The first area we’ll explore is how LLMs can overcome the inefficiencies of traditional static analysis tools, elevating the security research process. At Theori, we’ve been pushing the boundaries, researching how LLMs can boost the productivity of security researchers, and we’re excited to share the results from a cutting-edge study on this topic. Let’s dive in.
LLM-Assisted Static Analysis for Detecting Security Vulnerabilities
When it comes to discovering security vulnerabilities, two main approaches are commonly used: Static Application Security Testing (SAST) and Dynamic Application Security Testing (DAST). SAST, or white-box testing, involves analyzing the source code without executing the application.
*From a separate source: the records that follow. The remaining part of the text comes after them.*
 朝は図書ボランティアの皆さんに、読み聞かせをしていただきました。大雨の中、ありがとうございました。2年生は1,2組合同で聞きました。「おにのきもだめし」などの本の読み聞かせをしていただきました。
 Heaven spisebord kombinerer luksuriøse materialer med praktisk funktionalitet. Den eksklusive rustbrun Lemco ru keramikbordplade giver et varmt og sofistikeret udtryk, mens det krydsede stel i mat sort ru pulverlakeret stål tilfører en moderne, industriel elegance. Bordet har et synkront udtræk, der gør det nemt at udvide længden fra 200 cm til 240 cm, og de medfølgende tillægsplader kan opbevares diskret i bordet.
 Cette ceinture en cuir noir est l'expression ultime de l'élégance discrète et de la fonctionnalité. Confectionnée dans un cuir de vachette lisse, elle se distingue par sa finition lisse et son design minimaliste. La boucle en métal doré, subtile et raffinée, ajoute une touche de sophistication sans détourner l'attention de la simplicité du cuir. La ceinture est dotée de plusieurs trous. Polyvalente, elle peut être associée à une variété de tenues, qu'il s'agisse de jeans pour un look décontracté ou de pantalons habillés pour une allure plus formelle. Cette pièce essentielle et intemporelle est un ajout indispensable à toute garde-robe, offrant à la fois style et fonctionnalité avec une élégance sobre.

In contrast, DAST, known as black-box testing, identifies vulnerabilities while the application is running, without access to the source code. While well-known static analysis tools such as CodeQL and others provide valuable insights, they also face several inherent limitations:
Missing taint specifications of third-party library APIs: To perform static analysis with CodeQL, researchers must first manually analyze the APIs related to source, sink, and sanitize used in the third-party library. Missing or incomplete specifications for these libraries can result in inaccurate findings. Additionally, as these third-party libraries are updated, analysts must re-examine the code and apply changes to CodeQL, making this process resource-intensive and error-prone.
Lack of Precise Context-Sensitive and Intuitive Reasoning: Static analysis tools often struggle to understand the broader context of the code, leading to the incorrect identification of sources or sinks.
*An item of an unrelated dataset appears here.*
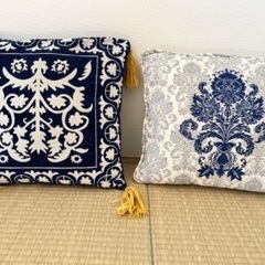 数年前に購入したクッションカバー2種です。中古ですが、目立つ汚れやほつれもなくきれいな状態です。カバーのみのお渡しになります。
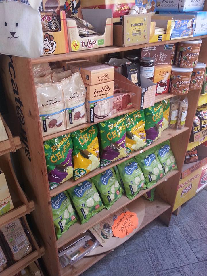 Nei giorni seguenti mentre tornavo nel locale per il solito gelato uno dei ragazzi che vi lavora, Pippo, mi ha informato della presenza dei cornetti al mattino e mi ha mostrato tutti gli espositori di alimenti e cosmetici equo solidali, bio, vegan cruelty free.

Due to the limitations in context analysis and reasoning, static analysis tools may incorrectly identify sources or sinks, leading to invalid results. In some cases, vulnerabilities that do not actually pose a risk may appear in the analysis. Additionally, true vulnerabilities could go unnoticed, resulting in false negatives, as the tool fails to fully grasp the context of the code.
For example, in the case of CVE-2021–41269, this vulnerability occurs when an attacker provides an invalid expression value, causing the parse() function to throw an IllegalArgumentException and execute statement 6. However, since the attacker’s input is passed as an argument to the buildConstraintViolationWithTemplate() function, the attacker can achieve code execution through Java Expression Language (Java EL).
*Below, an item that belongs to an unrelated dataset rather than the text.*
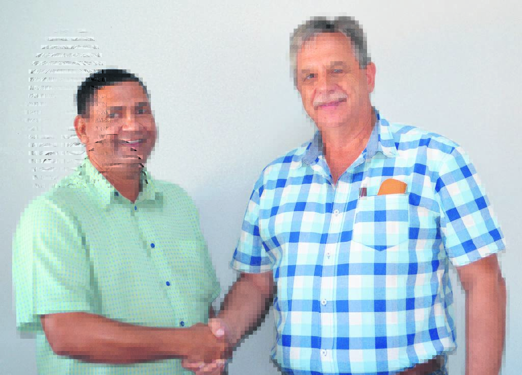 Frans Swanepoel (regs) van Despatch is as die nuwe proporsionele verteenwoordigende raadslid (DA) in Nelson Mandelabaai munisipale raad ingehuldig. Hier word hy deur Marshall von Buchenroder (links) van die DA-LUR van die provinsiale wetgewer gelukgewens met sy aanstelling. Swanepoel het ten doel om onder meer met die “Maak ons Metro heel” die basiese diensleweringkrisisse soos waterlekke en slaggate aan te pak. Foto:HEILIE COMBRINCK

To detect this vulnerability using static analysis, one must analyze a significant portion of the code, identifying the control flow and the source/sink between the internally developed code and the third-party library code. Additionally, understanding the context in which exceptions are triggered is necessary, including checking how inputs are sanitized. (For more detailed information, you can refer to this link which explains this in detail.)
The study highlights the limitations of existing static analysis tools for such processes and proposes addressing these issues through LLMs.
Instead of requiring manual analysis of third-party libraries, LLM labels the control flow, source, and sink between internally developed code and third-party library code.
The results of this process are then converted into a format suitable for input into static analysis tools like CodeQL.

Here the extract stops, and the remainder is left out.